## [Recorded information]
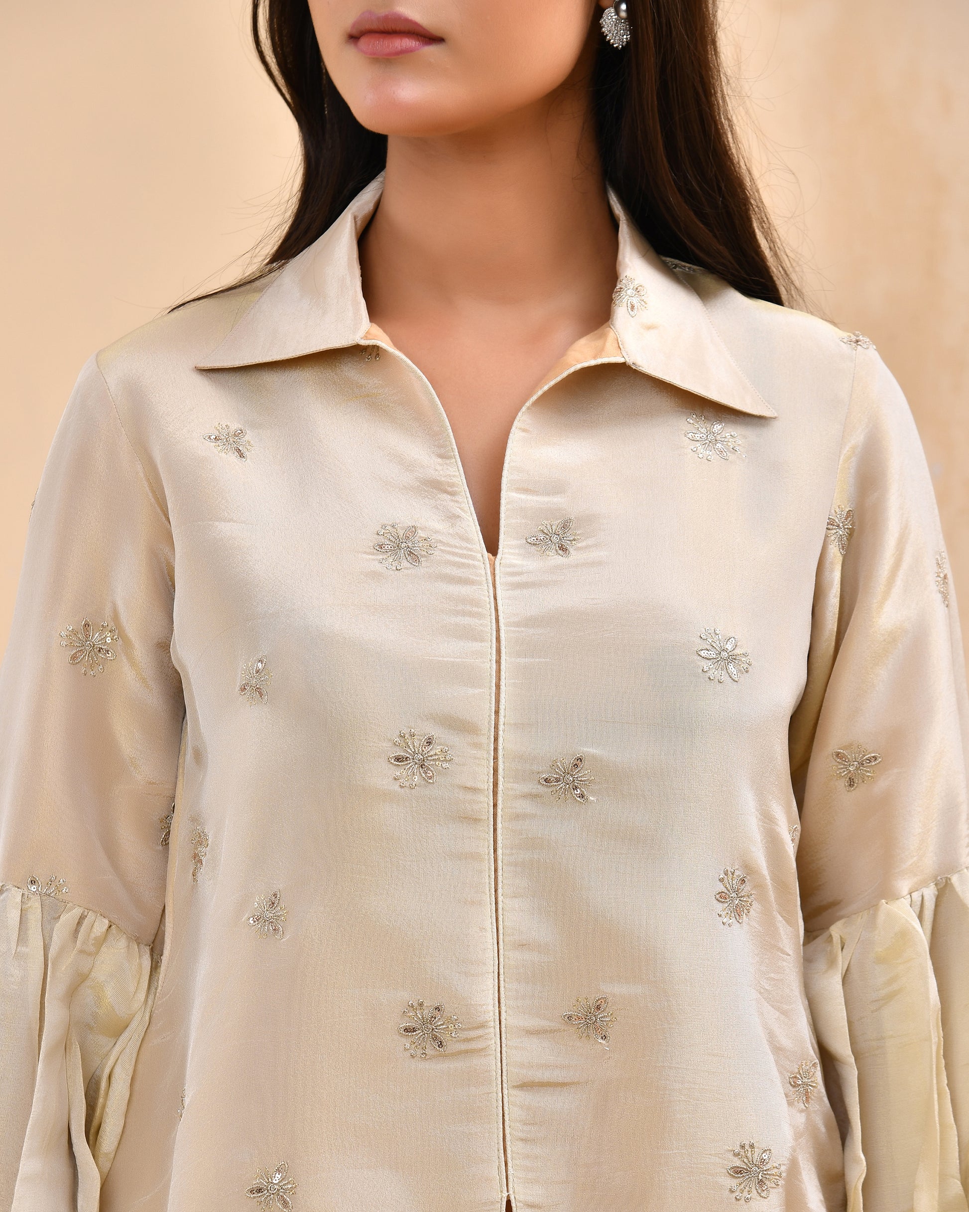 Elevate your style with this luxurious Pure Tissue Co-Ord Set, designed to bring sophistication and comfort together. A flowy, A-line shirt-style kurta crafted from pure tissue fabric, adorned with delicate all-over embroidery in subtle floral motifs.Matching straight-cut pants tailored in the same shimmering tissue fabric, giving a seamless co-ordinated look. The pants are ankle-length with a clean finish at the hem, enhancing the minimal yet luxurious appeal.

--

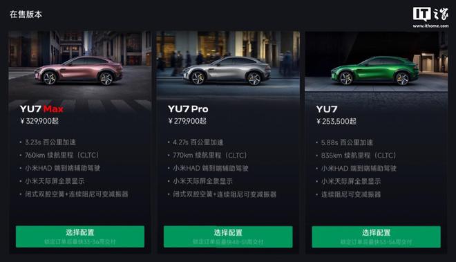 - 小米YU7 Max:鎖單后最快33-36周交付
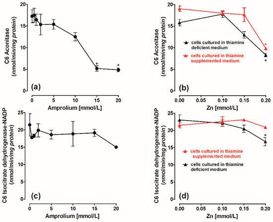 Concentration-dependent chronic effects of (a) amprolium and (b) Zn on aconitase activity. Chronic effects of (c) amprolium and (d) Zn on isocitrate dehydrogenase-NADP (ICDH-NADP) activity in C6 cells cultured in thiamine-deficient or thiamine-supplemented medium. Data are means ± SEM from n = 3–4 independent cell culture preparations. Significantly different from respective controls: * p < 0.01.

## [Assignment]
Copy needed, without pictures: the lines of the listing above from the line containing "- 小米YU7 Max:鎖單后最快33-36周交付" up to and including the line containing "Concentration-dependent chronic effects", set down exactly.

## [Answer to the problem]
 - 小米YU7 Max:鎖單后最快33-36周交付
 Concentration-dependent chronic effects of (a) amprolium and (b) Zn on aconitase activity. Chronic effects of (c) amprolium and (d) Zn on isocitrate dehydrogenase-NADP (ICDH-NADP) activity in C6 cells cultured in thiamine-deficient or thiamine-supplemented medium. Data are means ± SEM from n = 3–4 independent cell culture preparations. Significantly different from respective controls: * p < 0.01.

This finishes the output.